RUU Ketahanan Keluarga ini diusulkan oleh empat anggota Dewan dari tiga fraksi, yaitu Sodik Mudjahid dari Fraksi Gerindra, Ali Taher dari Fraksi PAN, serta Ledia Hanifa dan Netty Prasetyani dari Fraksi PKS.
Anggota Baleg DPR dari Fraksi Golkar, Nurul Arifin memandang RUU Ketahanan Keluarga berpotensi memecah belah bangsa ketimbang menjadi pemersatu bangsa. Sebab, terdapat pasal-pasal yang terlalu mencampuri urusan keluarga.
"Di dalam RUU Ketahanan Keluarga ini, kita juga menjadi suatu bangsa yang kayaknya rese, begitu.
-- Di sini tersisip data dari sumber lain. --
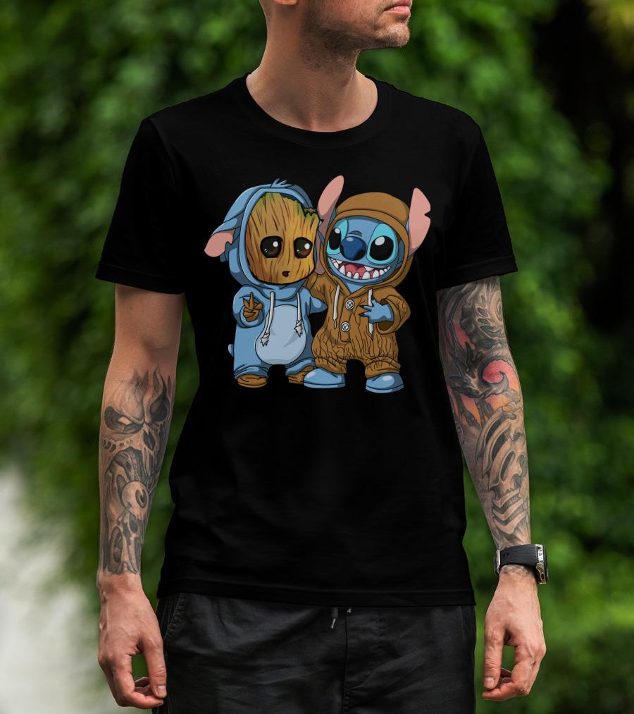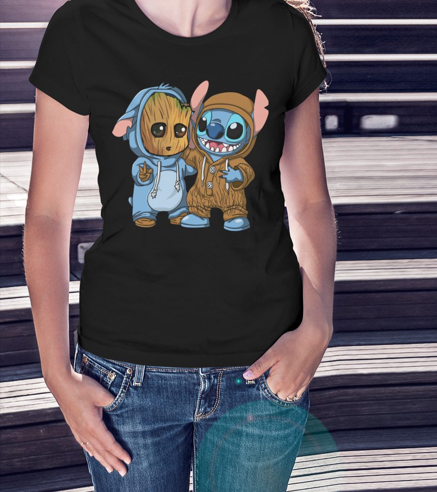Adorable Groot And Stitch Crossover In Costume Friendship T-Shirt
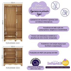 - Sistema antitombamento no guarda-roupa e cômoda: proporciona segurança para o bebê e tranquilidade aos pais.
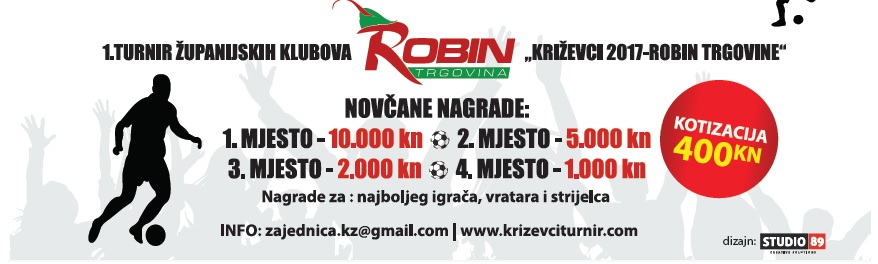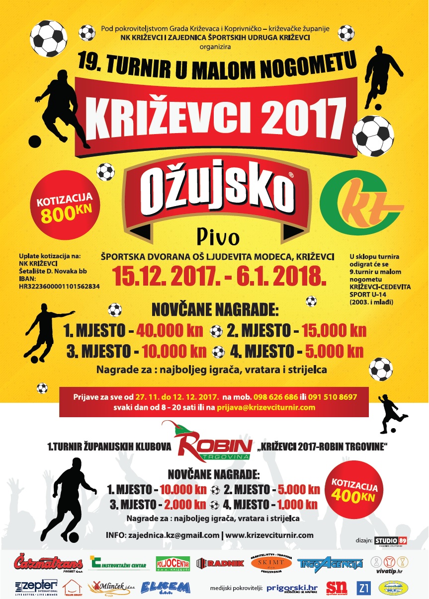 U petak, 15. prosinca u sportskoj dvorani OŠ Ljudevita Modeca počinje 19. izdanje malonogometnog turnira Križevci Ožujsko KTC i 1. turnira županijskih nogometnih klubova Robin Trgovine. Organizatori turnira su Nogometni klub Križevci i Zajednica športskih udruga Križevaca pod gradskim i županijskim pokroviteljstvom. Na prošlotjednoj konferenciji za novinare turnir su najavili križevački gradonačelnik Mario Rajn, direktor turnira i predsjednik NK Križevci Damir Kemenović i tajnik Zajednice športskih udruga Draženko Kovačić.
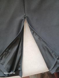 profondità dello spacco a seconda del gusto personale e della volontà di rendere piu elegante il completo. 2 piccole pinces garantiscono perfetta vestibilità sul bacino taglia 42.tessuto leggero gabardine di lana rasato mano setosa.
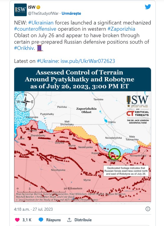 UPDATE: 14:05 Institutul pentru Studiul Războiului (ISW) evaluează că forțele ucrainene au reușit miercuri să spargă liniile fortificate ruse de la est de satul Robotîne, la circa 10 km sud de Orihiv, unde ar fi avansat cu 2,5 km. Rușii au folosit tactici standard de apărare și i-au împins înapoi, deși nu până la pozițiile lor inițiale.
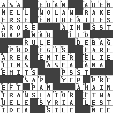 ACROSS 1. White ___ sheet 4. Dutch treat 8. An important port of Yemen 12. 1994 drama film starring Jodie Foster 14. Pitcher Ryan 16. Libertine 17. Celtic language 18. Pleas 20. Came up 22. Direct toward a target or goal 23. Fast jet (abbr.) 24. Reproach for some lapse or misdeed 25. Third mo. 28. Flaplike covering 30. Governing power 31. Debunk (Brit. slang) 35. Adept person 37. Armor plate that protects the chest 40. Conductor's collection 41. Type of rug 42. Keyboard key 44. Writer Wiesel 45. Airtight sealed metal containers 46. Toward the sea 47. Nanny (var.) 48. Gives off 50. Inconspicuous attention getter 52. Plant excrement 54. Slangy assent 55. Before (prefix) 58. Lizard (obsolete) 61. Baking dish 63. At full speed 65. Interpreter 70. Inactive volcano in Sicily 71. Ubangi River tributary 72. Damascus' land 73. For fear that 74. It may be bright or harebrained 75. Filth; sediment 76. Born DOWN 1. Approach 2. Spanish missionary in California 3. Columnist Joseph or Stewart 4. Compass dir. 5. Spanish title 6. The first octave above the treble staff 7. Hindu Mythology: god of death 8. Nonscientific branch of learning 9. Raised platform 10. Makes supply last 11. A home for chicks 13. French article 15. Famous astronaut Armstrong 19. Among 21. Australian flightless bird 26. Toward shelter 27. Rain (Swedish) 29. Outscore 30. Exposes to great heat 32. Lip ointment 33. Roberta Peters solo 34. Unit of force equal to gravity 35. Demure 36. Painter Guido (1575-1642) 38. It is 39. Not well drained, as in land 41. Had dinner 43. To erase 49. Plant excrements 51. Health resort 53. Friends 55. Eucharist need 56. Remove soap 57. Related on the mother's side 58. Needle holder 59. Flintstone 60. Falsehood 62. Negative votes 64. Cartoonist voice _ Blanc 66. Teachers' org. 67. Three (prefix) 68. Lubricate 69. Actress Charlotte
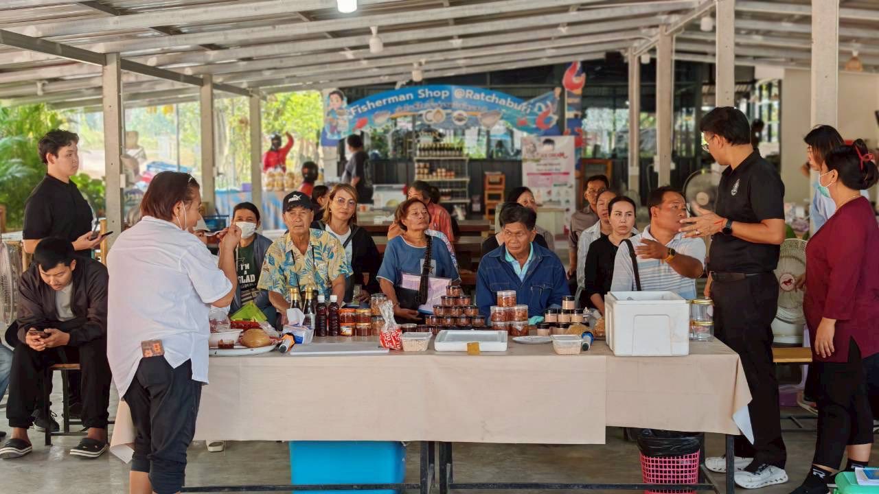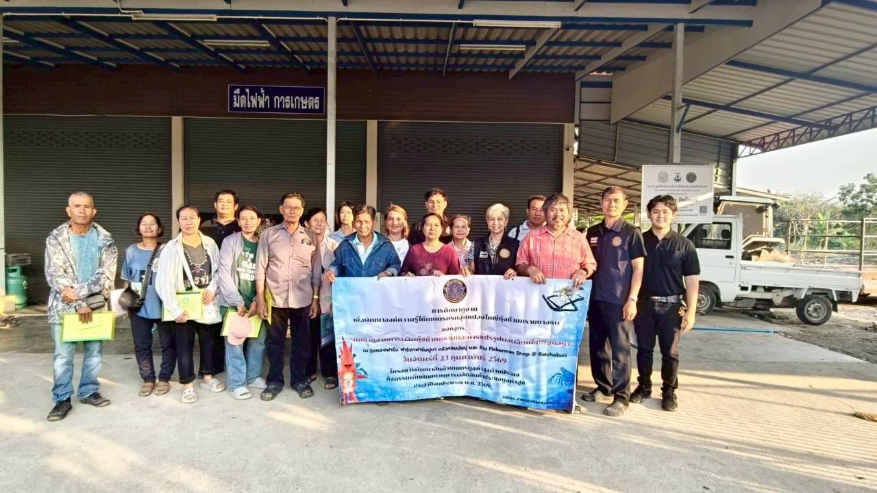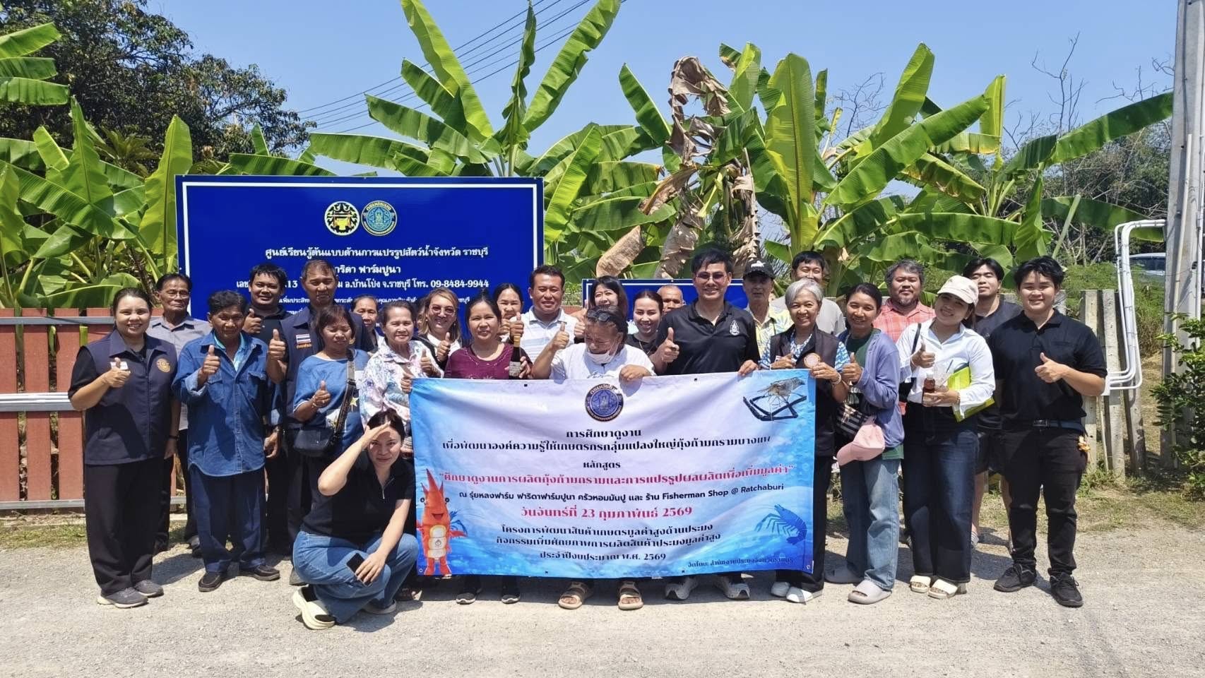 วันจันทร์ที่ 23 กุมภาพันธ์ 2569 นายอำนาจ จีนขาวขำ ประมงจังหวัดราชบุรี มอบหมายให้นายจิระพงศ์ ศิริวัฒน์ พร้อมด้วยเจ้าหน้าที่กลุ่มพัฒนาและส่งเสริมอาชีพการประมง จัดกิจกรรมฝึกอบรมและศึกษาดูงาน แก่สมาชิก กลุ่มแปลงใหญ่ผู้เลี้ยงกุ้งก้ามกรามบางแพ ตามโครงการพัฒนาสินค้าเกษตรมูลค่าสูงด้านประมงกิจกรรมเพิ่มศักยภาพการผลิตสินค้าประมงมูลค่าสูงประจำปีงบประมาณ พ.ศ. 2569 หลักสูตร “ศึกษาดูงานผลิตกุ้งก้ามกรามเเละแปรรูปผลผลิตเพื่อเพิ่มมูลค่า” ณ รุ่ยหลงฟาร์ม ศูนย์เรียนรู้ต้นแบบด้านการแปรรูปสัตว์น้ำ ฟาริดาฟาร์มปูนา ครัวหอมมันปู และ ร้าน Fisherman Shop @ Ratchaburi ตำบลคุ้งพยอม อำเภอบ้านโป่ง จังหวัดราชบุรี เพื่อพัฒนาองค์ความรู้เกี่ยวกับกระบวนการผลิต การบริหารจัดการ การแปรรูป และการตลาด อันเป็นการยกระดับคุณภาพสินค้า เพิ่มมูลค่า สร้างรายได้ และเสริมสร้างขีดความสามารถในการแข่งขันอย่างยั่งยืน โดยมีนายมณฑล อ่วมเทศ ประมงอำเภอบางแพ เเละ นางขวัญฤทัย แซ่ลี้ ประมงอำเภอบ้านโป่ง ร่วมกิจกรรมในครั้งนี้ด้วย

Seperti di Bab 9 ada peran serta masyarakat. Ini kayanya kok kita mengurusi rumah tangga orang lain, padahal rumah tangga itu mempunyai entitasnya sendiri," kata Nurul di gedung DPR, Kamis, 12 November.
BACA JUGA:
Nurul mengaku dirinya setuju jika RUU ini memperkuat peran Badan Kependudukan dan Keluarga Berencana Nasional (BKKBN). Namun, ia tak setuju jika masyarakat diberi peran untuk mencampuri urusan rumah tangga orang lain.
"Sebetulnya mau memperkuat BKKBN, saya setuju. Memang program lama-lama itu harus terus dilanjutkan lagi. tapi buat saya ada kejanggalan, mau masuk ke dalam struktur samapi dengan tingkat terkecil di wilayah kabupaten/kota. Bahkan, dalam peran terkecil peran masyarakat untuk ngurusin rumah tangga orang lain," jelas dia.
Seperti diketahui, ada 146 pasal dalam RUU Ketahanan Keluarga. RUU Ketahanan Keluarga menjadi kontroversi karena dinilai terlalu menyentuh ranah pribadi.
Beberapa pasal yang menjadi sorotan publik antara lain mengatur soal kewajiban istri, melarang donor sperma dan ovum, melarang sewa rahim atau surogasi, hingga wajib melaporan tentang adanya penyimpangan seksual seperti LGBT dan penyimpangan aktivitas seksual seperti BDSM di dalam keluarga.